WHAT TO DO: Would you please return only the lines from the one with "Modernes Mitarbeiternamensschild mit" through the last line of the records below, leaving the pictures out?

DATA EXTRACT:
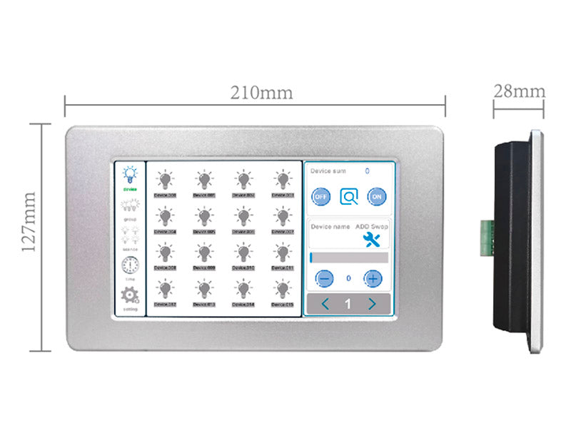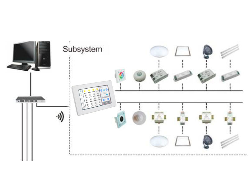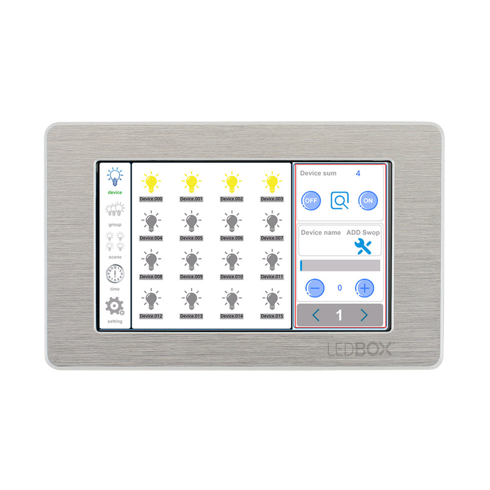 Controlador DALI Master con pantalla táctil y dos canales de señal DALI. Permite el control de 128 dispositivos, puedes agrupar los dispositivos, establecer escenas, soporta función de temporizador. Permite el ajuste de la intensidad de un dispositivo, de una zona o de un grupo. Es posible la configuración de las escenas de múltiples formas.
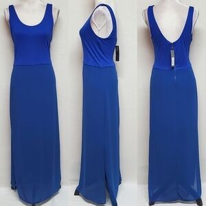 APT. 9 Blue Allure Solid Mixed Media Chiffon Skirt Sleeveless Maxi Dress Medium
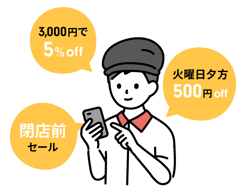 「今日だけ」「●時から」「●日から」など、特売クーポンを発信し、商品や食品ロス削減に。
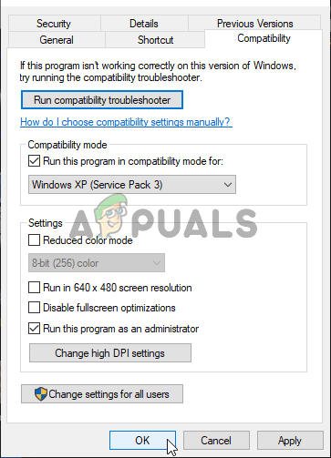 - Under the Compatibility mode section, check the box next to the Run this program in compatibility mode for option and choose Windows XP SP3 from the menu. Exit while accepting the changes.
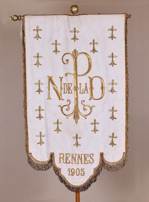 De nombreux pèlerinages sont organisés à la suite de la reconstruction de la chapelle Notre-Dame-de-la-Peinière par l'architecte Henri Mellet en 1900. Cette bannière est commandée en même temps qu'une croix de procession, à l'occasion du pèlerinage du 17 août 1905 de la ville de Rennes au sanctuaire de la Peinière. (POISSON, Henri (abbé), p.20)
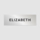 Modernes Mitarbeiternamensschild mit silberfarbenem Imitat auf metallischem Hintergrund. Fügen Sie Ihren Namen in einfacher Typografie hinzu.
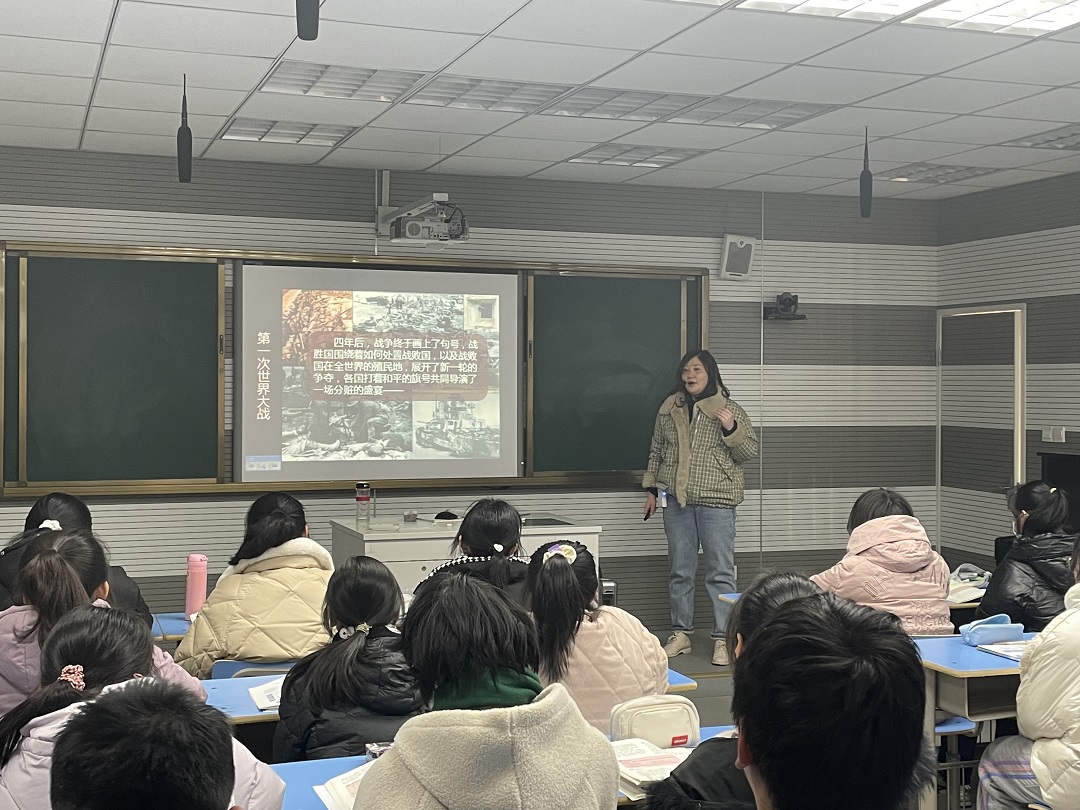鮑佳老師以“《凡爾賽條約》和《九國公約》”為課題,引用諸多史料對一戰(zhàn)后錯(cuò)綜復(fù)雜的國際關(guān)系進(jìn)行分析,帶領(lǐng)學(xué)生從不同視角領(lǐng)悟大國關(guān)系下歐洲與太平洋地區(qū)的發(fā)展走向。整節(jié)課十分流暢,體現(xiàn)鮑佳老師較高的教學(xué)素養(yǎng)。
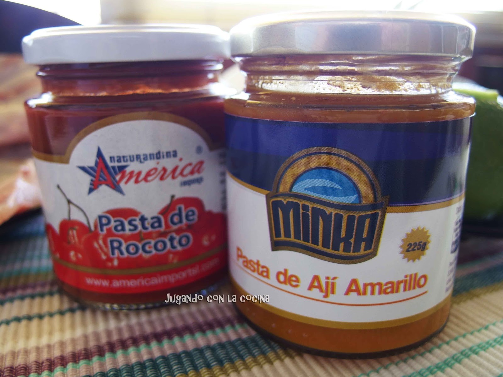 Los ajís amarillos naturales no los conseguí, pero sí la pasta que venden en frascos, que por cierto pica aún más que los naturales pero es una buena solución. Recomiendo que seáis prudentes con las cantidades de pimiento y sobretodo de la pasta de ambos pimientos, a no ser que querais tener la boca dormida un buen rato.

RESPONSE BELOW:
 Modernes Mitarbeiternamensschild mit silberfarbenem Imitat auf metallischem Hintergrund. Fügen Sie Ihren Namen in einfacher Typografie hinzu.
鮑佳老師以“《凡爾賽條約》和《九國公約》”為課題,引用諸多史料對一戰(zhàn)后錯(cuò)綜復(fù)雜的國際關(guān)系進(jìn)行分析,帶領(lǐng)學(xué)生從不同視角領(lǐng)悟大國關(guān)系下歐洲與太平洋地區(qū)的發(fā)展走向。整節(jié)課十分流暢,體現(xiàn)鮑佳老師較高的教學(xué)素養(yǎng)。
 Los ajís amarillos naturales no los conseguí, pero sí la pasta que venden en frascos, que por cierto pica aún más que los naturales pero es una buena solución. Recomiendo que seáis prudentes con las cantidades de pimiento y sobretodo de la pasta de ambos pimientos, a no ser que querais tener la boca dormida un buen rato.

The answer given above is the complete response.